» Problem statement: Below are the records; print exactly the lines from the one with "店名の由来でもある赤い卓球台" through the last, both included, and leave the pictures out.

** Opening Data section block **

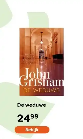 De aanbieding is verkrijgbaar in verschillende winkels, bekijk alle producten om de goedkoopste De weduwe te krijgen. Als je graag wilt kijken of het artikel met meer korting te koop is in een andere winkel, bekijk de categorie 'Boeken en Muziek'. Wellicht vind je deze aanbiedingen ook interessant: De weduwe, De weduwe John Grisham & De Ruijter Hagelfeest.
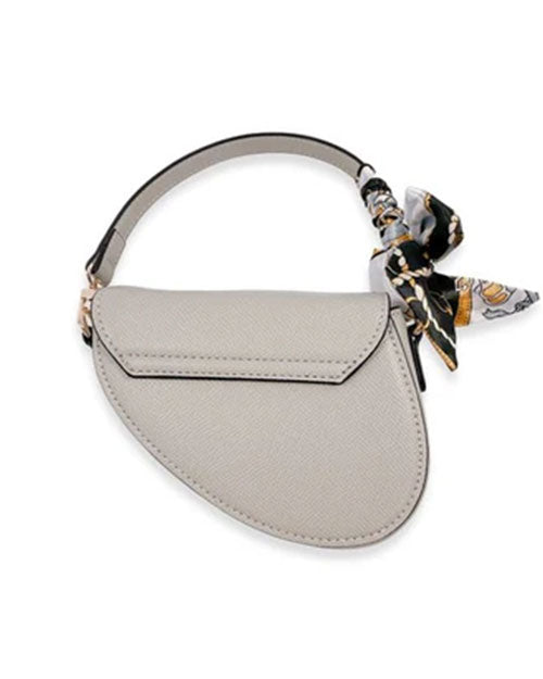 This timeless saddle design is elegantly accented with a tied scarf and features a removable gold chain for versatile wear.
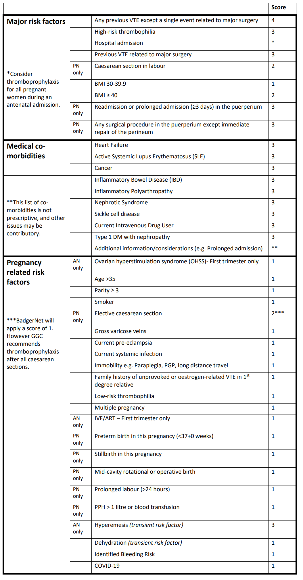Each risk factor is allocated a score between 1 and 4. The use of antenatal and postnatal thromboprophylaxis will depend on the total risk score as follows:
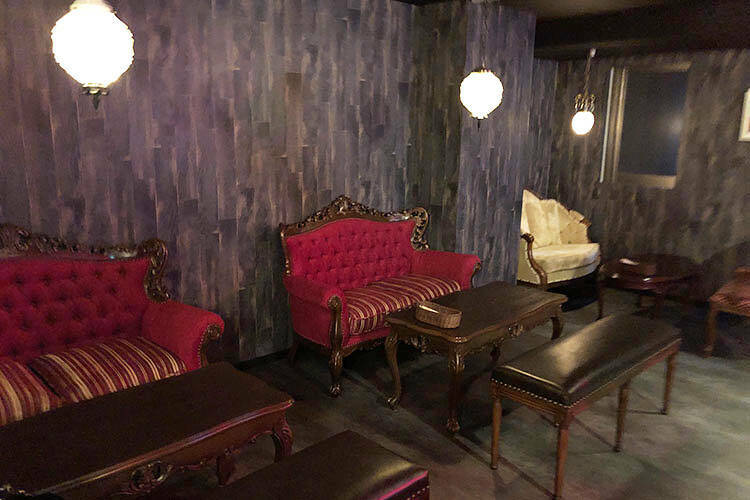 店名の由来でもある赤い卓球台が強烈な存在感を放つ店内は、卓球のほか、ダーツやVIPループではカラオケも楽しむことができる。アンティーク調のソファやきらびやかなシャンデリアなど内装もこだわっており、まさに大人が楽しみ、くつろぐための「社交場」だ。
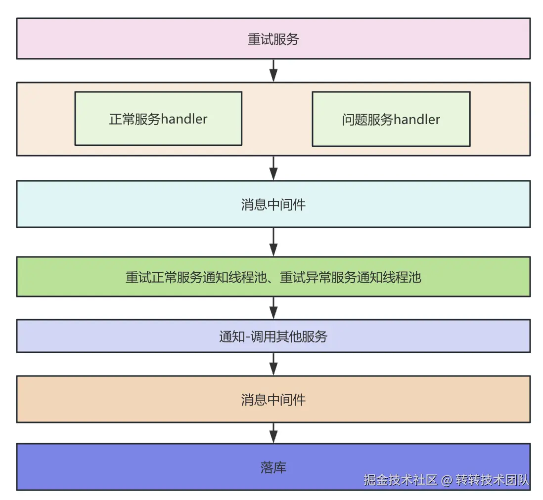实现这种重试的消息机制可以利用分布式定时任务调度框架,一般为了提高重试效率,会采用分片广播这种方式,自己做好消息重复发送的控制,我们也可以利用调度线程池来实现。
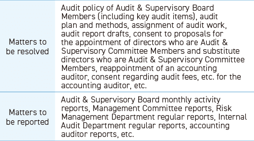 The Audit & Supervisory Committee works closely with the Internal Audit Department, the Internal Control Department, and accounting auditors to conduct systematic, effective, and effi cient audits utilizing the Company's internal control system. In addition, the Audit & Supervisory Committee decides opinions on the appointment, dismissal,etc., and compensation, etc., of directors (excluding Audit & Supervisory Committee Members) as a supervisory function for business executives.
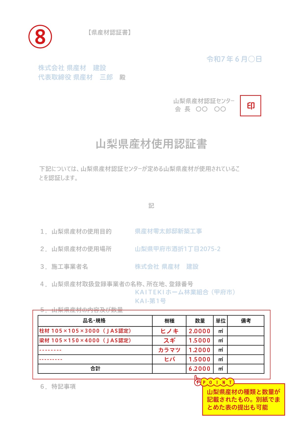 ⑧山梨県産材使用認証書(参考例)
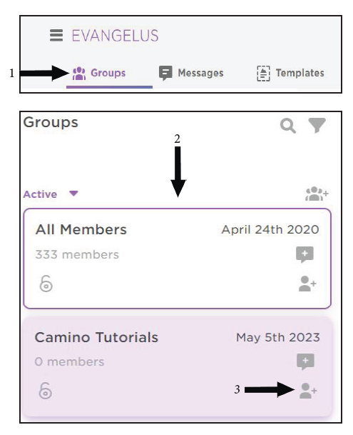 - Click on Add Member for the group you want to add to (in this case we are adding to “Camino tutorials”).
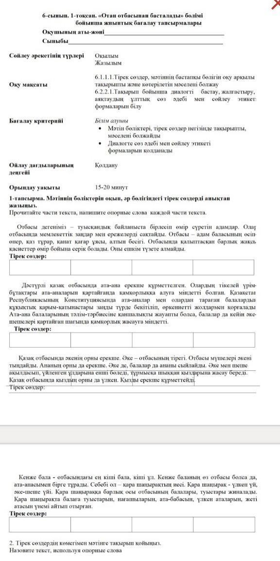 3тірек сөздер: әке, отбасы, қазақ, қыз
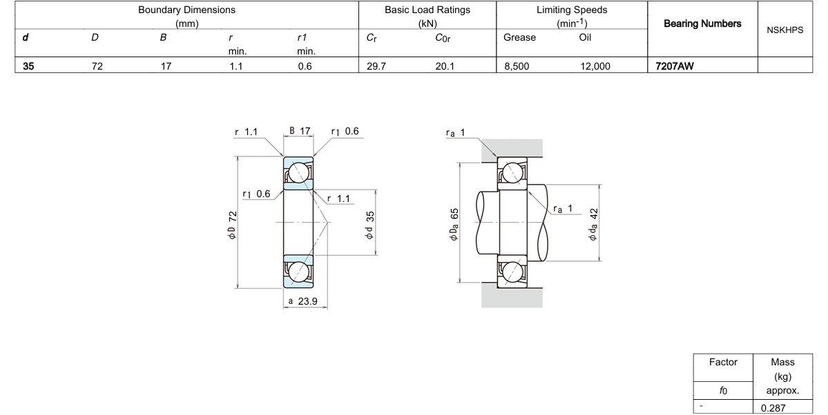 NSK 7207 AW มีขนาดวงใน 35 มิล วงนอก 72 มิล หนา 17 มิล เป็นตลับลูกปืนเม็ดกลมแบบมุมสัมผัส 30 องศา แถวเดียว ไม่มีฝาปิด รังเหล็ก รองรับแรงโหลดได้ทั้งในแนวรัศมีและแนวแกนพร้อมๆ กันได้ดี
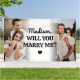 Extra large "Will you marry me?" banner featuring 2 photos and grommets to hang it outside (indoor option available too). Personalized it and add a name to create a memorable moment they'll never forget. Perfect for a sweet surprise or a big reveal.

** Closing Data section block **

» Answer to this exercise:
 店名の由来でもある赤い卓球台が強烈な存在感を放つ店内は、卓球のほか、ダーツやVIPループではカラオケも楽しむことができる。アンティーク調のソファやきらびやかなシャンデリアなど内装もこだわっており、まさに大人が楽しみ、くつろぐための「社交場」だ。
实现这种重试的消息机制可以利用分布式定时任务调度框架,一般为了提高重试效率,会采用分片广播这种方式,自己做好消息重复发送的控制,我们也可以利用调度线程池来实现。
 The Audit & Supervisory Committee works closely with the Internal Audit Department, the Internal Control Department, and accounting auditors to conduct systematic, effective, and effi cient audits utilizing the Company's internal control system. In addition, the Audit & Supervisory Committee decides opinions on the appointment, dismissal,etc., and compensation, etc., of directors (excluding Audit & Supervisory Committee Members) as a supervisory function for business executives.
 ⑧山梨県産材使用認証書(参考例)
 - Click on Add Member for the group you want to add to (in this case we are adding to “Camino tutorials”).
 3тірек сөздер: әке, отбасы, қазақ, қыз
 NSK 7207 AW มีขนาดวงใน 35 มิล วงนอก 72 มิล หนา 17 มิล เป็นตลับลูกปืนเม็ดกลมแบบมุมสัมผัส 30 องศา แถวเดียว ไม่มีฝาปิด รังเหล็ก รองรับแรงโหลดได้ทั้งในแนวรัศมีและแนวแกนพร้อมๆ กันได้ดี
 Extra large "Will you marry me?" banner featuring 2 photos and grommets to hang it outside (indoor option available too). Personalized it and add a name to create a memorable moment they'll never forget. Perfect for a sweet surprise or a big reveal.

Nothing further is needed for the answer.